◆ **BRIEF**: One line at a time, check the entries below for the word "with", and copy each line that has it.
*** Opening of RECORDS TO PROCESS ***
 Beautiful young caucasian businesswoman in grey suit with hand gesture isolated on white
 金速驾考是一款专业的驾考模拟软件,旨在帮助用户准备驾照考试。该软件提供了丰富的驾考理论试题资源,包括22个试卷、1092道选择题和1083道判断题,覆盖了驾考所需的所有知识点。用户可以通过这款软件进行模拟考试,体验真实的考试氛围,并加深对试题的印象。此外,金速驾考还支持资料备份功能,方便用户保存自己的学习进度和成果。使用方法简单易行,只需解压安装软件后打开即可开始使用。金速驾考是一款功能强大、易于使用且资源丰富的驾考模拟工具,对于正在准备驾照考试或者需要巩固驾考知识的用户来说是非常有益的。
*** Close of RECORDS TO PROCESS ***
*** Opening of RECORDS TO PROCESS ***
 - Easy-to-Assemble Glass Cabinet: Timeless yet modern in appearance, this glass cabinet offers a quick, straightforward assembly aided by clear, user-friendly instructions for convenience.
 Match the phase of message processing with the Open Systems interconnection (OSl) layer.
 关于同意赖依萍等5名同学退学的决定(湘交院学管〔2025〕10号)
*** Close of RECORDS TO PROCESS ***
◆ **ANSWER TO THE PROBLEM**:
 Beautiful young caucasian businesswoman in grey suit with hand gesture isolated on white
 Match the phase of message processing with the Open Systems interconnection (OSl) layer.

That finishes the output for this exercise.